The effect of spin-orbit coupling on the effective-spin correlation in YbMgGaO4

TL;DR

This paper investigates how strong spin-orbit coupling influences the effective-spin correlations in YbMgGaO4, revealing anisotropic interactions that match experimental spin-wave data and enhance correlations at specific Brillouin zone points.

Contribution

It demonstrates that anisotropic effective-spin interactions from spin-orbit coupling are sufficient to explain experimental observations in YbMgGaO4.

Findings

Anisotropic interactions reproduce spin-wave dispersion.

Spin-orbit coupling enhances correlations at M points.

Strong evidence for anisotropic interactions in YbMgGaO4.

Abstract

Motivated by the recent experiments on the triangular lattice spin liquid YbMgGaO$_4$, we explore the effect of spin-orbit coupling on the effective-spin correlation of the Yb local moments.
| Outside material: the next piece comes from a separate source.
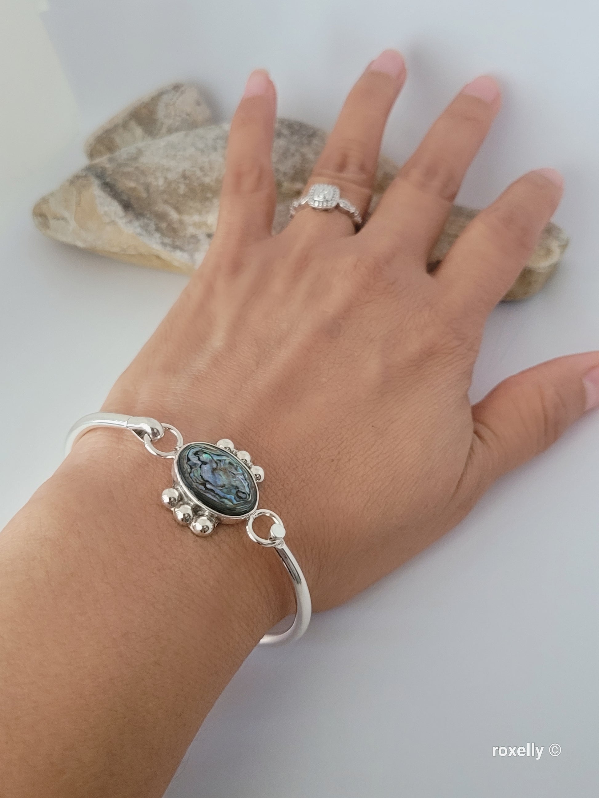 ❤️925 Precious Sterling Silver Paua Shell Bangle Design Bracelet!

We point out the anisotropic interaction between the effective-spins on the nearest neighbor bonds is sufficient to reproduce the spin-wave dispersion of the fully polarized state in the presence of strong magnetic field normal to the triangular plane. We further evaluate the effective-spin correlation within the mean-field spherical approximation. We explicitly demonstrate that, the nearest-neighbor anisotropic effective-spin interaction, originating from the strong spin-orbit coupling, enhances the effective-spin correlation at the M points in the Brillouin zone. We identify these results as the strong evidence for the anisotropic interaction and the strong spin-orbit coupling in YbMgGaO$_4$.